Briefing the Times on Saturday after a tour of the plantation, the Weija District Police Commander, DSP John Animpong, said the forest belt was created years ago to protect the Weija Lake which is the source of drinking water for the over three million people in the Accra metropolis.
He said the people were arrested upon a tip-off on Friday while they were blasting stones inside the plantation, an activity which threatens the lake as well as the portion of the newly constructed highway near the plantation.
The stone winners’ activities have created big gullies of about 15 to 20 feet deep in the plantation and destroyed a number of the trees.
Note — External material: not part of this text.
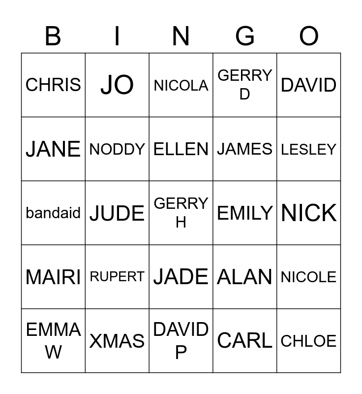 This bingo card has 40 words: All I want for christmas, bandaid, BLA, NODDY, XMAS, JADE, ELLEN, ROSS, DAVID, MAIRI, JUDE, GERRY D, GERRY H, NICK, EMILY, RUPERT, EWAN, CHRIS, EMMA, NICOLA, NICOLE, CARL, JAMES, JANE, TOM, SEAN, NEAL, CAITLIN, CHLOE, JAN, JUSTIN, EMMA W, ANDY, ALAN, LESLEY, DAVID P, LIZZIE, CAT, JO and JONITA.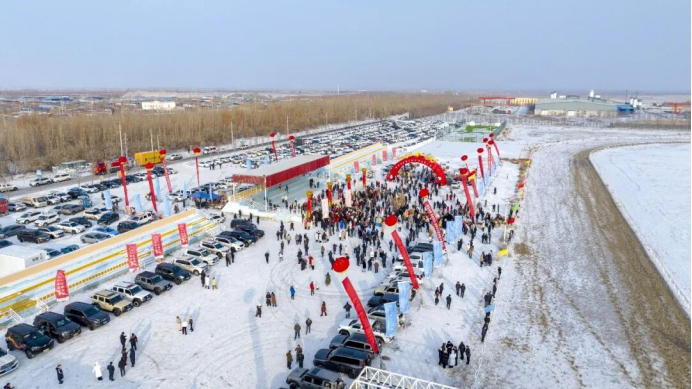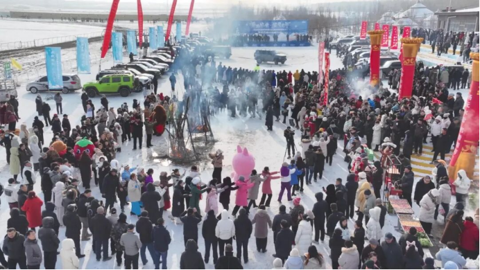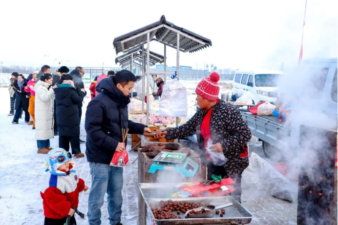 汽车雪地拔河项目同样热闹非凡,独具特色的冰雪竞技,引得现场观众连连叫好、大呼过瘾。特色美食展销区吸引不少商户参与,烤肉、手工馓子、奶制品等特色美食,鲜香四溢、烟火气十足。商户李敏高兴地说:“今天特意带来了板栗、红薯、爆米花等零食,这一会儿就卖了几百块钱,生意还不错。”

They have created a road through the plantation used by trucks to load their stones.
DSP Animpong told the Times that those arrested claimed that the area was released to them by the late Weija Chief, Anto Nyame, and that the stone winning had been their main source of livelihood for many years.
'We will not tolerate those whose activities will threaten the Weija Lake,' he said, noting that the police will be patrolling the area regularly to stop the stone winners from operating.
He urged the Ministry of Water Resources, Works and Housing to immediately intervene to ensure the sustainability of the lake, since its destruction would have serious repercussions on people in the Accra metropolis and beyond.
The Weija Afforestation Plantation has also recently come under severe threat by the increasing encroachment by traders, fishermen and estate developers. Some churches have also been using the plantation for crusades and prayer sessions.